• [Problem to solve]
Write out the listing from the line with "Our underground wire" to the line with "玩家在这款跑酷游戏中可以体验", both lines included, exactly and nothing beyond. Leave pictures out.

• [Exercise data]
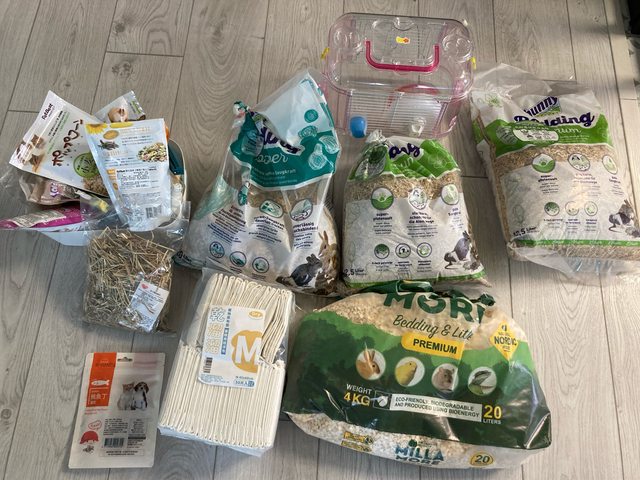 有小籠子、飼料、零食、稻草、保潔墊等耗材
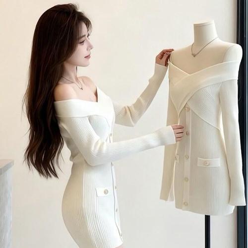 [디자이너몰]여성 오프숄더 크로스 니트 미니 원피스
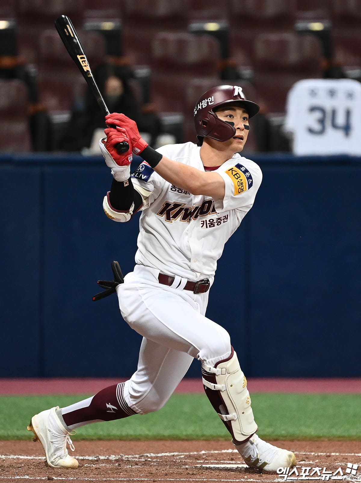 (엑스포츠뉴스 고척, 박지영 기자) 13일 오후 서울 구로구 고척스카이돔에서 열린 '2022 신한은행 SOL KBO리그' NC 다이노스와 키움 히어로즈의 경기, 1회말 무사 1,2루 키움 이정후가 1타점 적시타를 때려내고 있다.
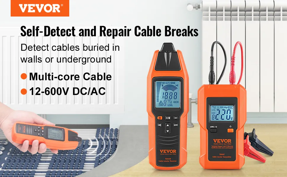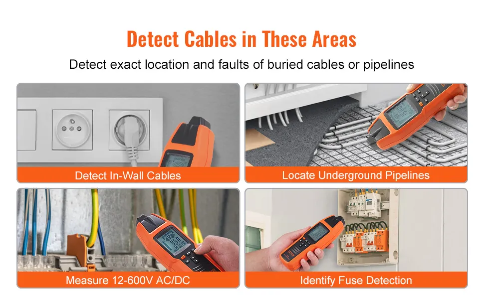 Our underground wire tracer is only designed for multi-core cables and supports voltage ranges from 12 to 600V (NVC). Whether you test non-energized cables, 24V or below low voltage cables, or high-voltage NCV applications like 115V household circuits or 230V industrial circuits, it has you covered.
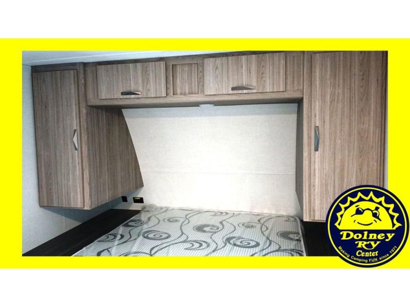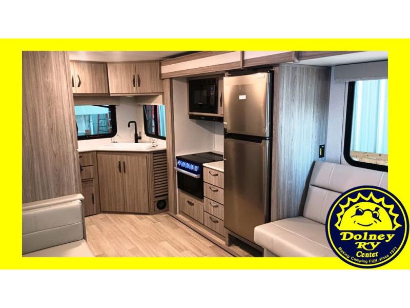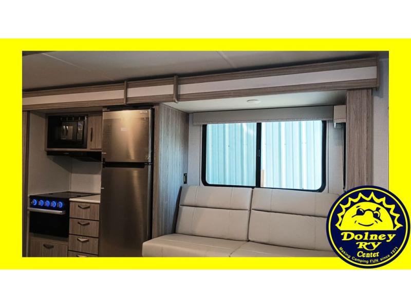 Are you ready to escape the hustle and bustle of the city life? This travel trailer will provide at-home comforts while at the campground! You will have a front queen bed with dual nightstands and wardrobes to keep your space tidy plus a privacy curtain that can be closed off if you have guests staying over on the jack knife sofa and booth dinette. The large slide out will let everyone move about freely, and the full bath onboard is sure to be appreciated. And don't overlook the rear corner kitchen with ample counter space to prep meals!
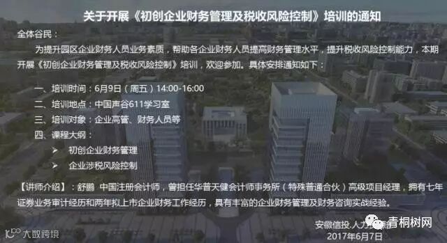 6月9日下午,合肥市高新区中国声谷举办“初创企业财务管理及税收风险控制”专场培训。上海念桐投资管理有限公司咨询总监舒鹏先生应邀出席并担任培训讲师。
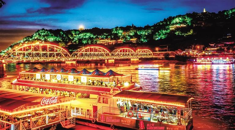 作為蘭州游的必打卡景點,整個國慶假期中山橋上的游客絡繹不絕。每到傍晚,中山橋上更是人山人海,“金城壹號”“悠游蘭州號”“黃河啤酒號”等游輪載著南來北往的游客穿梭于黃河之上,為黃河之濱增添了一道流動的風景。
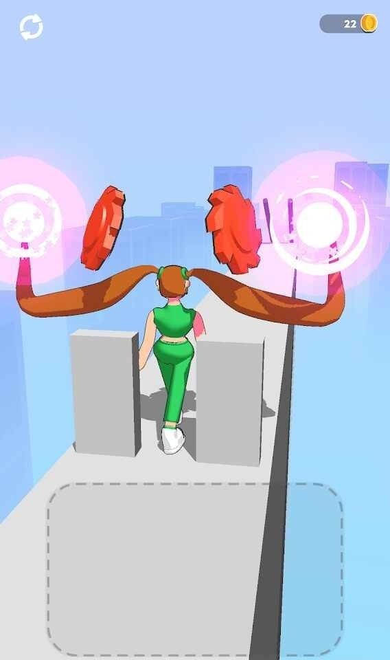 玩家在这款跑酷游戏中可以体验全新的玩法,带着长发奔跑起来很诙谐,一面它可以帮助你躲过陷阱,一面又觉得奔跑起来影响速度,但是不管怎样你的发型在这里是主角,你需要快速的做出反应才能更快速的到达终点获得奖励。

--

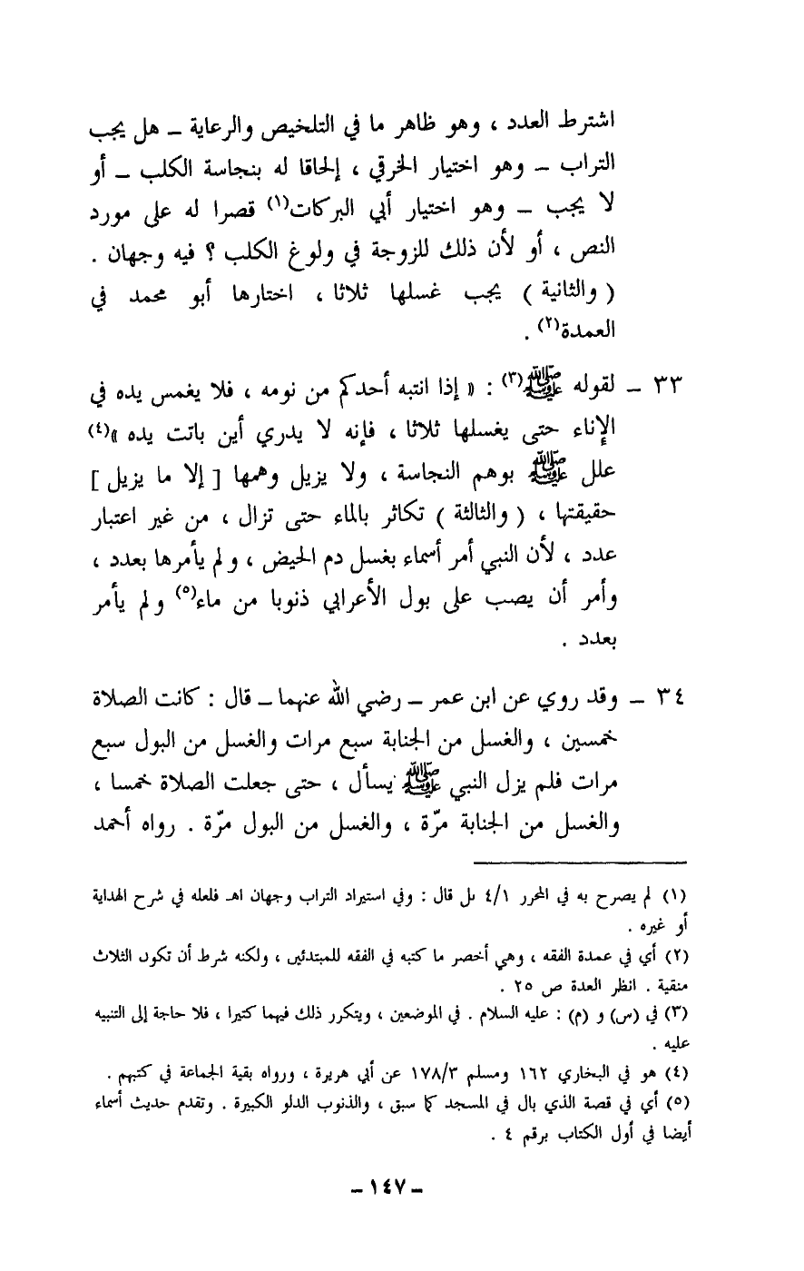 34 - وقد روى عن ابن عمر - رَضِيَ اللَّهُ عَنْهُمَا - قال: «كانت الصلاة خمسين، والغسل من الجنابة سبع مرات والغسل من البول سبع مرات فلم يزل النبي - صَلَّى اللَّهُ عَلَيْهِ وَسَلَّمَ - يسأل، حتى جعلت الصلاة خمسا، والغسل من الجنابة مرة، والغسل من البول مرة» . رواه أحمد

==

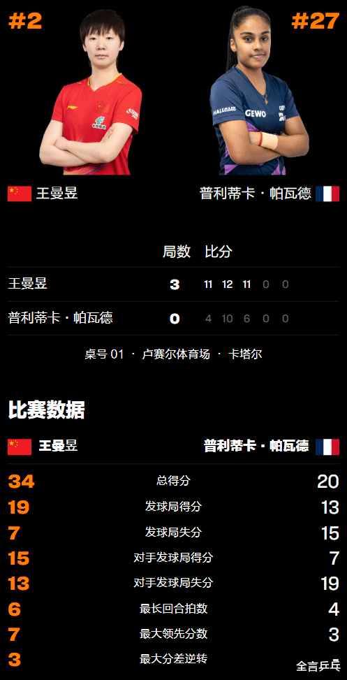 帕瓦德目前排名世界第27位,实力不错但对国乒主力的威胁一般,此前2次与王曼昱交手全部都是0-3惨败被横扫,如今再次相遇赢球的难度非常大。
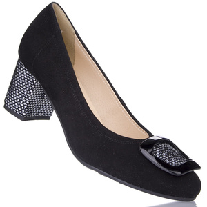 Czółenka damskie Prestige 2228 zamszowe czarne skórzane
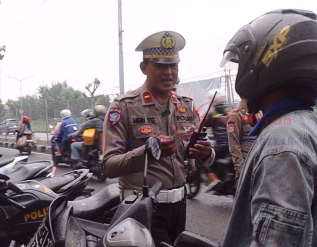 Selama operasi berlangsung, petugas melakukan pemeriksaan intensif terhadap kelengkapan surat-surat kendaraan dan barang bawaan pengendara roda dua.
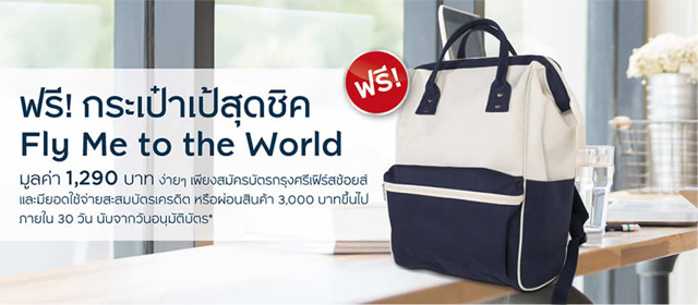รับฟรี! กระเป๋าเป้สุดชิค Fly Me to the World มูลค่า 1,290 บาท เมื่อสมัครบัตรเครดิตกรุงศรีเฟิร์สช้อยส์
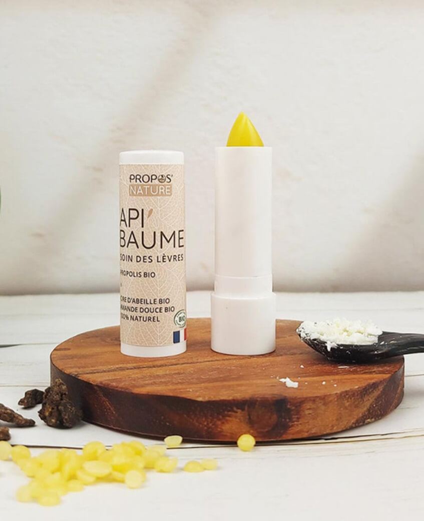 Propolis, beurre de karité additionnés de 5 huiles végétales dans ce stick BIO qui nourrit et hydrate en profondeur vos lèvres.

• [Task result]
 Our underground wire tracer is only designed for multi-core cables and supports voltage ranges from 12 to 600V (NVC). Whether you test non-energized cables, 24V or below low voltage cables, or high-voltage NCV applications like 115V household circuits or 230V industrial circuits, it has you covered.
 Are you ready to escape the hustle and bustle of the city life? This travel trailer will provide at-home comforts while at the campground! You will have a front queen bed with dual nightstands and wardrobes to keep your space tidy plus a privacy curtain that can be closed off if you have guests staying over on the jack knife sofa and booth dinette. The large slide out will let everyone move about freely, and the full bath onboard is sure to be appreciated. And don't overlook the rear corner kitchen with ample counter space to prep meals!
 6月9日下午,合肥市高新区中国声谷举办“初创企业财务管理及税收风险控制”专场培训。上海念桐投资管理有限公司咨询总监舒鹏先生应邀出席并担任培训讲师。
 作為蘭州游的必打卡景點,整個國慶假期中山橋上的游客絡繹不絕。每到傍晚,中山橋上更是人山人海,“金城壹號”“悠游蘭州號”“黃河啤酒號”等游輪載著南來北往的游客穿梭于黃河之上,為黃河之濱增添了一道流動的風景。
 玩家在这款跑酷游戏中可以体验全新的玩法,带着长发奔跑起来很诙谐,一面它可以帮助你躲过陷阱,一面又觉得奔跑起来影响速度,但是不管怎样你的发型在这里是主角,你需要快速的做出反应才能更快速的到达终点获得奖励。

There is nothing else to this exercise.